Birama vit à Tripoli depuis trois ans. Ouvrier sur un chantier de la capitale, son maigre salaire l’empêche d’avoir une vie décente. Après deux tentatives de traversées de la Méditerranée ratées et un passage traumatisant en prison, le jeune homme n’aspire qu’à une chose : partir en Europe.

(...) "Cela fait un an que je vis à Tripoli, neuf mois que je travaille sur un chantier. Je l’avoue, c’est difficile. Je travaille toute la journée pour 80 dinars par jour [environ 15 euros]. Nous, les Noirs, on n’a pas le même salaire que les autres ouvriers. Les autres, les Arabes ou les Asiatiques, ils peuvent gagner 100 dinars par jour, parfois plus.

Mais je ne dis rien. Quand on ose se plaindre, les patrons nous répondent : ‘Si t’es pas content, tu t’en vas’. Ils nous parlent mal, ils nous traitent mal. Mais moi, je ne peux pas aller ailleurs, car c’est très compliqué de trouver du travail en Libye.

La Libye a été durant des décennies un pays d’installation pour les Africains subsahariens, où le travail est mieux rémunéré que dans leur pays d’origine. Mais depuis la chute du dictateur Mouammar Kadhafi en 2011, le pays est en proie au chaos. Le racisme est omniprésent, rendant très compliqué, voire dangereux, le quotidien des exilés installés sur son territoire. (...)

On a été jetés en prison. Ce qu’il se passe là-bas, c’est… inexplicable. Je restais jour et nuit par terre, dans une grande pièce.
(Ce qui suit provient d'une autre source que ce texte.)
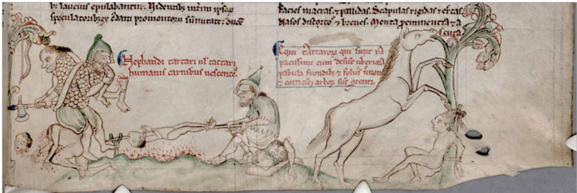
Figure 2 : Représentation de nomades Tatars. Enluminure de Matthew Paris, XIII ème siècle (CCC MS 16, FOL. 167R).

Ces peuples nomades ont pourtant dominé les vastes steppes d'Eurasie pendant des millénaires. Même l'Europe occidentale, située aux confins des terres émergées, géographiquement la plus à l'écart du berceau asiatique, a reçu et s'est construite par la succession des différentes vagues culturelles des "barbares" des steppes dont la sédimentation est la source principale de son histoire 17 . La plus célèbre de ces invasions qu'a dû subir l'Empire romain d'Occident fut celle des Huns, au IV e et V e siècle après J.-C. Leur origine est controversée mais l'hypothèse la plus probable fait d'eux les descendants des Hunnu 18 . En s'agrégeant avec des tribus eurasiatiques aux origines ethniques diverses, ils ont activé une force de frappe terrifiante. Attila, leur roi, a marqué l'Histoire en devenant l'archétype du "chef barbare" pour l'Europe occidentale 19 .

La porte ne s’ouvre qu’une fois par jour, pour le repas. Dès qu’on mange, tout le monde s’endort. Je suis sûr que les gardes mettaient des somnifères dans la nourriture.

Depuis des années, de nombreux témoignages de migrants, d’ONG et d’institutions pointent du doigt les atrocités commises dans les geôles libyennes. Dans un rapport publié en décembre 2023, Médecins sans frontières dénonce le comportement des gardiens des prisons officielles libyennes d’Ain Zara et Abu Salim, où s’appliquent viols, tortures et exactions en tout genre. (...)

Une nuit, avec un ami ivoirien, on a essayé de s’enfuir. À 1h du matin, on a cassé les toilettes pour s’échapper, ça a fait un trou dans le mur. Mais les gardiens ont entendu. Ils sont arrivés et nous ont frappés, frappés. J’ai reçu des coups de bâtons juste au-dessus des yeux. La douleur était atroce.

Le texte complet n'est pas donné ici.